Goran Peleš

Personal information
- Full name: Goran Peleš
- Date of birth: 9 March 1953
- Place of birth: Modriča, SFR Yugoslavia
- Date of death: 4 September 2010 (aged 57)
- Place of death: Zenica, Bosnia and Herzegovina
- Position(s): Midfielder

Youth career
- –1971: FK Modriča

Senior career*
- Years: Team / Apps / (Gls)
- 1971–1980: Čelik Zenica
- 1981–1982: Mallorca / 14 / (2)

= Goran Peleš =

Bosnian-Herzegovinian footballer

Goran Peleš (9 March 1953 – 4 September 2010) was a Bosnian-Herzegovinian footballer, who is most noted for his career with NK Čelik Zenica.

==Playing career==
===Club===
He started his career in his hometown, where he played for FK Modriča, from where he joined NK Čelik Zenica in 1971, where he won the Mitropa Cup in the following two years with his new club.
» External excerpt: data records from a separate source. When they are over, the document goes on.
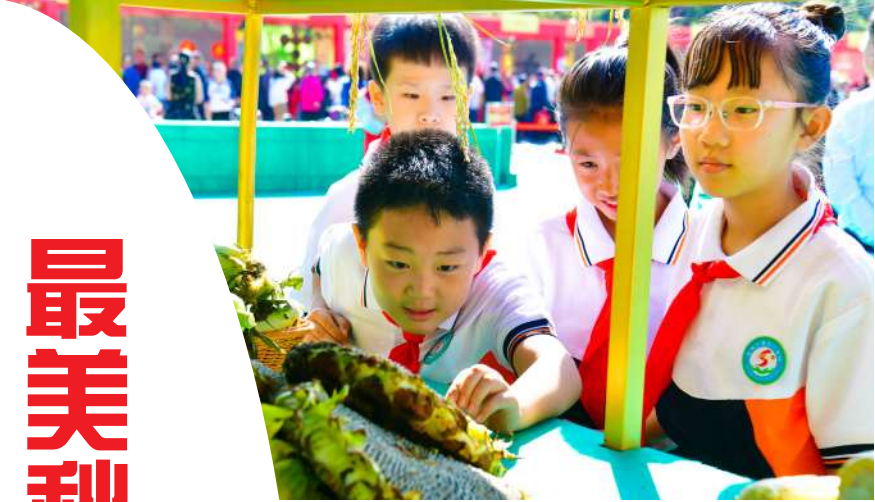
孩子们体会丰收的喜悦
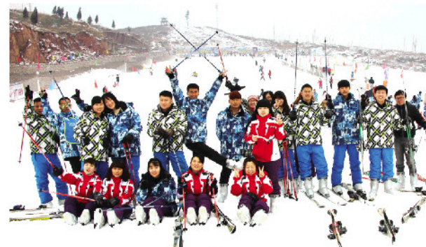
房德·钓鱼台第三季业主专享滑雪活动。

沂河岸最后多层电梯洋房；3大公园，万亩湿地；家门口24个运动球场；户型开间超同类产品15%，99.9%户型满意度；纯剪力墙结构，抗震裂度提高两级；儿童教育主题公园、续购超市等十余项专属配套；法式新古典建筑，沂河岸品质洋房标杆，一期100天狂销600套，稳坐南城销冠！ (王文卿)
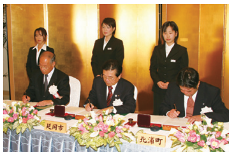
北方町・北浦町との合併調印式
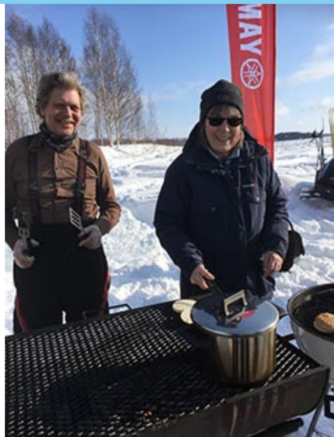
Här vankas hamburgare
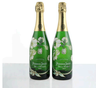
131 (38683) PERRIER-JOUET, BELLE EPOQUE 2014 Champagne 2 bt, RP 91/100 scatole originali € 200/250

He was one of the heroes of the second cup win, where he made an assist to Mirsad Galijašević for the only goal that decided the final game against ACF Fiorentina.

He joined Mallorca in 1981, where he played for one season.
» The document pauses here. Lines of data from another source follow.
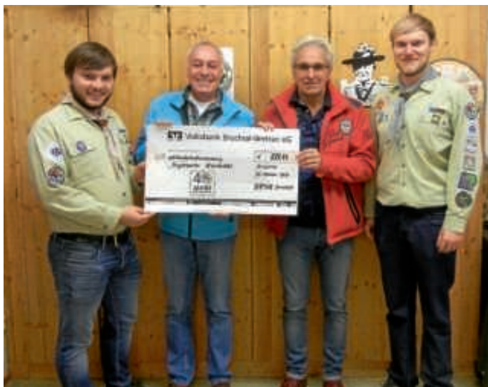
Georgspfadfinder sammeln für den Projektgarten Heubühl.

Die Georgspfadfinder der DPSG Bruchsal konnten sich dieses Jahr erneut beim Heubühl-Fest einbringen. Mit einem Kuchenverkauf wurden Spenden in Höhe von über 800 Euro gesammelt. Zugute kam die Spende dem Projektgarten Heubühl, der es sich zur Aufgabe gemacht hat, Kindern die Möglichkeit zu geben, wieder Abenteuer draußen und in der Natur zu erleben. Die Spende wurde nun in den Räumlichkeiten der Pfadfinder an zwei Vertreter des Projektgartens übergeben, die mit diesen Mitteln weitere Angebote schaffen wollen und bereits vorhandene entsprechend erneuern.
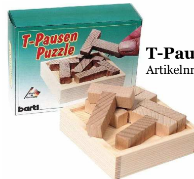
T-Pausen Puzzle Artikelnr.: b2807
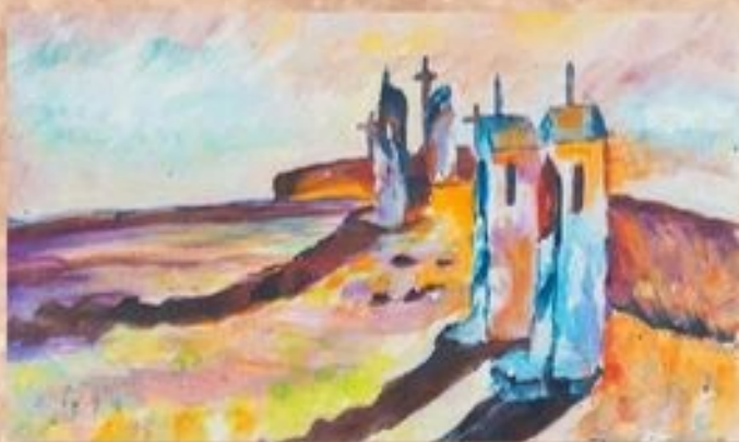
Színek, fények a Kálvária dombon 30 cm x 40 cm, acryl, festőtábla

A Dózsa György út mentén lévő kunhalom tetején, – régi nevén Szőlőshalmon – látható az 1851-ben készült, az egyszerű, klasszicista jellegű, kör alakban elhelyezkedő képfülke-építményekből álló 14 stációs kálvária. A domb tetején három nagyméretű, egyszerű fakereszt, harangláb és a Mária-szobor található. A kálváriát többször felújították, legutóbb 1993-ban. Az építmény festői megjelenésű, a környék meghatározó városképi eleme.
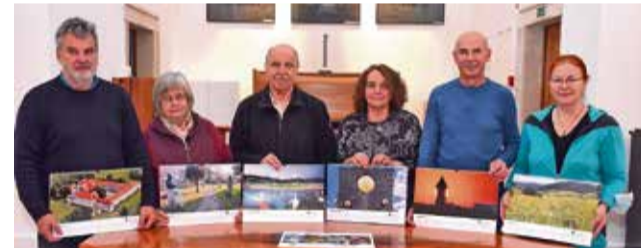
Skupinska fotografija članov DLF Krško

Odprtje razstave je s svojo prisotnostjo podprla vodja krške območne izpostave JSKD Tinka Vukič , ki je med drugim izpostavila, da umetniška oz. estetska fotografija predstavlja vrednoto, ki jo je treba negovati tako kot druge umetniške vsebine. »Pot
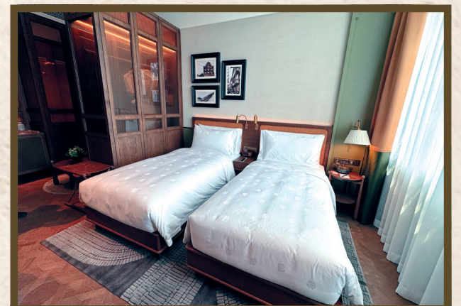
二十年代風格主題客房
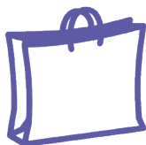
Litiges de la consommation
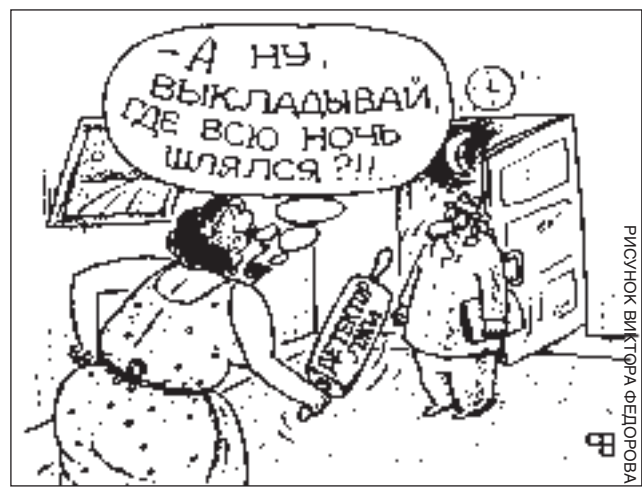
РИСУНОК ВИКТОРА ФЕДОРОВА
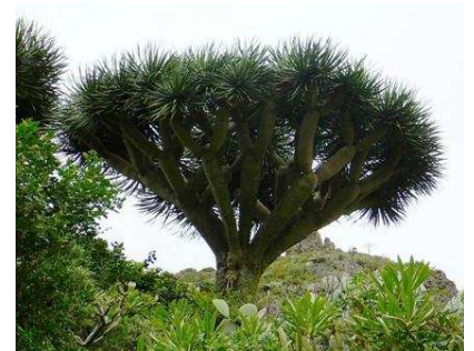
Drachenbaum Dracaena draco

La Palma zählt sich zu den drei schönsten Inseln der Welt. Über 120 Vulkane bilden den Südteil der Insel. Einige von ihnen waren noch in den Jahren 1949 und 1971 aktiv. Aus dem Vulkan Teneguia treten immer noch heiße Gase aus. Der Wanderer durchquert hier bizarre Vulkanlandschaften auf einem Boden, der überwiegend aus vulkanischer Asche (Lapili) besteht.
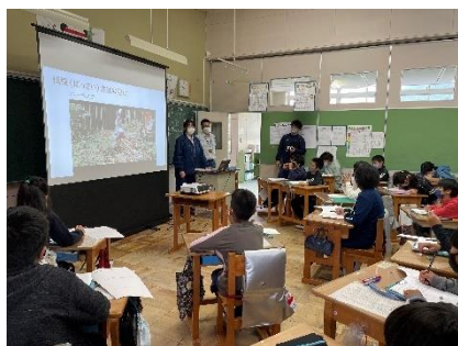
森林学習（室内）（付知南小学校）
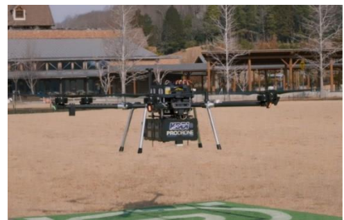
医薬品物流ドローン
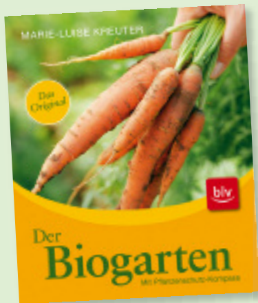
1 Buch neu
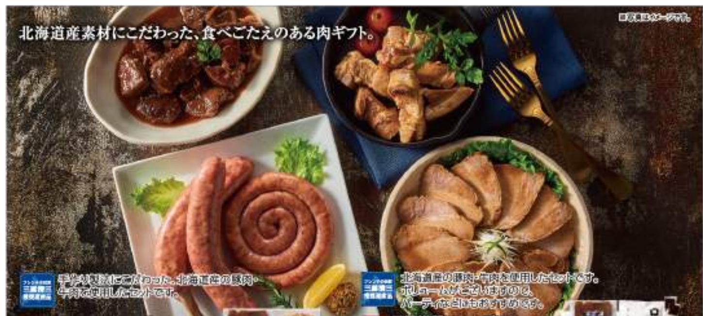
北海道産素材にこだわった、食べごたえのある肉ギフト。
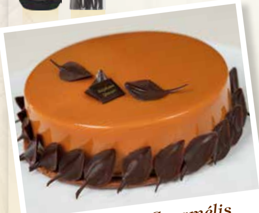
Entremets Caramélisé à la Vanille Tahitensis

Recettes créées par Stéphane Glacier - Meilleur Ouvrier de France 2000
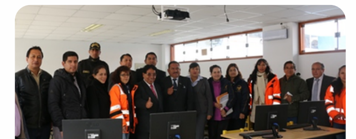
I.E. MANUEL GONZÁLEZ PRADA Aulas multimedia

After that, he shortly played football during the 1980s almost for recreation for NK Urania from Baška Voda and one futsal team, where he also owned a restaurant with former teammate Rade Radulović.

==Managerial career==
He successfully managed the youth teams of NK Čelik Zenica, where he coached some of the biggest club's prospects, including Jasmin Burić, Fenan Salčinović and Eldin Adilović.

He died in 2010 after a long illness.